Он лег на постель, на которой еще сохранилась вмятина от могучей спины Баги, и постарался заснуть. Он дремал уже давно, но еще чувствовал окружающее. И незаметно в его существование вошло что-то тревожное и странное, чтоон не мог понять сам. Заболело сердце. Ему показалось, что Бага вошел в комнату и стал ходить по ней. Он ходил, как всегда низко нагнув голову и сложив руки за спиной, но теперь на них были надеты кандалы. Бага силился снять их. Губы Яна шептали в полудреме: «Чтобы снять.
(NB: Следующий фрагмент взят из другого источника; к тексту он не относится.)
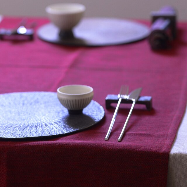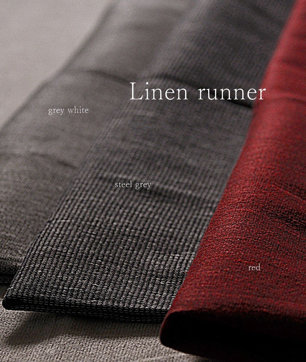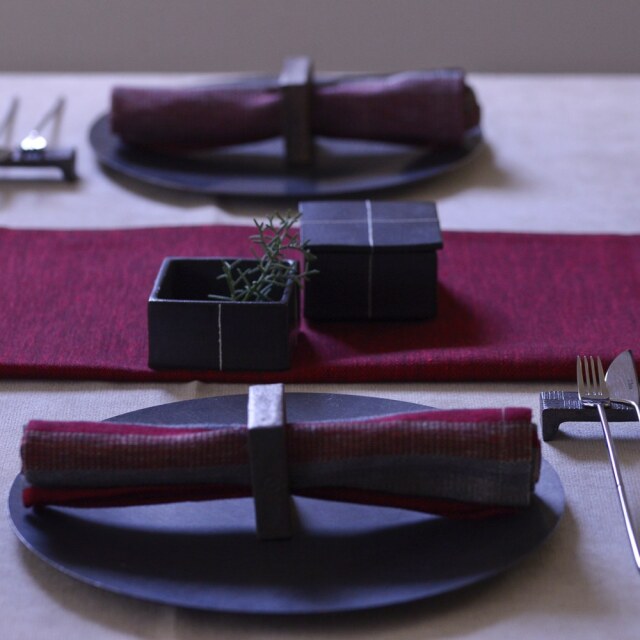 PISA DESIGN リネンランナー フィンランドの作家・Satuさんと出会ったのは、今年6月のインテリアライフスタイル展でした。会場で合流した陶芸家のにしだゆかさんが見つけ、「もう一度PISAさんのバッグを見に行きたい」と声をかけてくれたのがきっかけで、私も一緒にブースへ足を運びました。 Satuさんはデザイナーであると同時に、ご自身のアトリエで制作も行う作家さん。制作風景を拝見し、大量生産ではなく、一つひとつ丁寧な手仕事を大切にされていることが伝わってきました。アップサイクルの作品にも取り組まれており、感性だけでなく温かなお人柄も印象的でした。今回は、数ある作品の中からIVORYの器に合うアイテムをセレクトしています。二つ折りにして使う方法と、一枚で広げてブリッジランナーとして使う方法がご選択頂けます。さすが北欧リネンと思わせる、確かなクオリティ。今後はテーブルクロスなどの展開も考えています。※画像では赤色が多少明るめに映っておりますが実際には落ち着いたトーンの赤(ダークレッド)になります。ご注意くださいませ。

Эх, будь он умнее, будь он гениальнее, он догадался бы». Ян подошел к нему и снял оковы. Тогда Бага стать пить и рычать: «Хр-р, хр-р».
Ян очнулся и сел на кровати. Часы тревожно прохрипели в столовой и с натугой ударили восемь раз. Ян еще раз тряхнул головой, чтобы отогнать неприятные впечатления от сна, и с тревогой подумал: «Кажется, я опоздал. Ну и будет же мне нагоняй сегодня».
Ян вскочил как ошпаренный и бросился переодеваться в соседнюю комнату. Ломая ногти, он вкалывал булавку в галстук, натягивал тесную обувь и под конец, еще не застегнув фрак, выбежал из комнаты, промчался коридором и выскочил на улицу.
Четвертая глава
До дома отца Нисы, графа Замойского, было далековато и поэтому Ян добрался до него все же с опозданием. Широкие ворота были открыты, на деревьях вдоль аллеи к самому подъезду вела цепь китайских фонариков, пять белых колонн дома казались призрачными от света луны, блистали огромные цельные окна, гремела за ними музыка и носились огромные тени танцующих. Пригласить Нису на первый танец было уже невозможно, и Ян довольно спокойно поднялся по лестнице наверх.
На полпути он задержался перед зеркалом и остался доволен осмотром. В зеркале отразился человек, одетый до той степени изысканности, которая еще не предполагает фатоватости. Над белым воротничком виднелось лицо, тоже не фатоватое, с умным выражением глаз, белокурыми непокорными прядями над лбом. Он впервые осознал, что он, пожалуй, красив, и был рад этому. Удивительно было бы, если б такое совершенство, как Ниса, полюбила неумного или же хотя бы некрасивого человека.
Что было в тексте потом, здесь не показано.